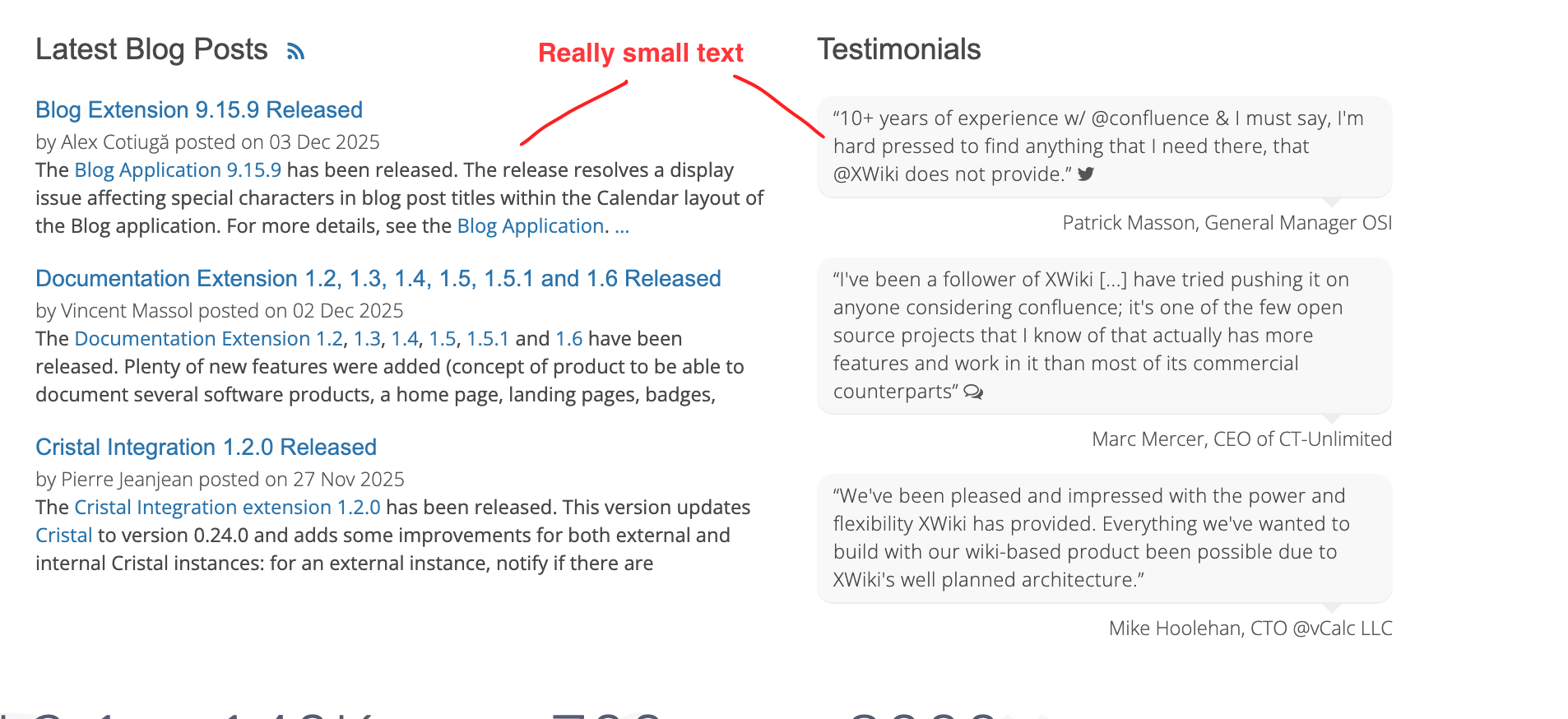 Another option is to increase the font size only on specific places (like the latest blog posts and testimonials) but that would leave the rest of the site (internal pages) with the same legibility problem.
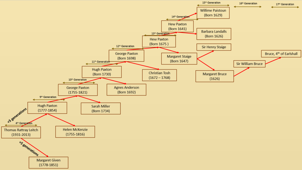 Hugh Paxton is my 5th times great grandfather, this has been confirmed through DNA testing. Hugh was an affluent man in Fife and I have a lot of information on him which has allowed me to research further back in history, his parents are the 10th Generation of this line of my story.
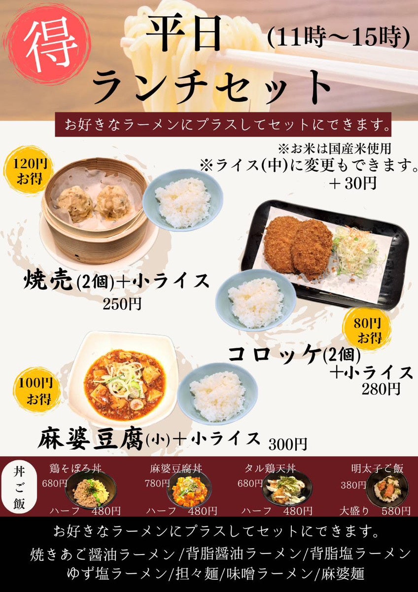 人気の焼きあご醤油ラーメンをはじめとして、背脂醤油ラーメン、貝出汁香るゆず塩ラーメンや担々麵をお出ししています。
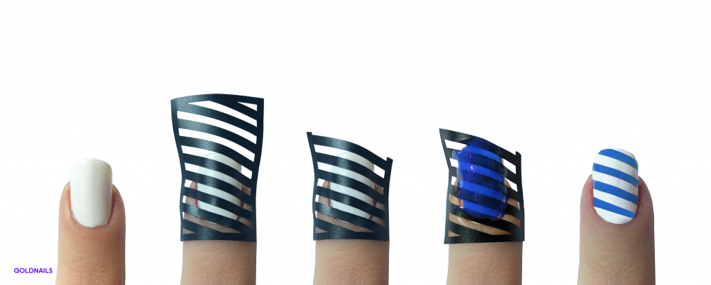 פסים אלכסוניים – הניחי מדבקת שבלונה לציפורניים של גולדניילס בעיצוב פסים אלכסוניים

----

- **What you have to do**:
Reproduce the material in full, word for word, and omit the pictures.

- **Result of the exercise**:
 Another option is to increase the font size only on specific places (like the latest blog posts and testimonials) but that would leave the rest of the site (internal pages) with the same legibility problem.
 Hugh Paxton is my 5th times great grandfather, this has been confirmed through DNA testing. Hugh was an affluent man in Fife and I have a lot of information on him which has allowed me to research further back in history, his parents are the 10th Generation of this line of my story.
 人気の焼きあご醤油ラーメンをはじめとして、背脂醤油ラーメン、貝出汁香るゆず塩ラーメンや担々麵をお出ししています。
 פסים אלכסוניים – הניחי מדבקת שבלונה לציפורניים של גולדניילס בעיצוב פסים אלכסוניים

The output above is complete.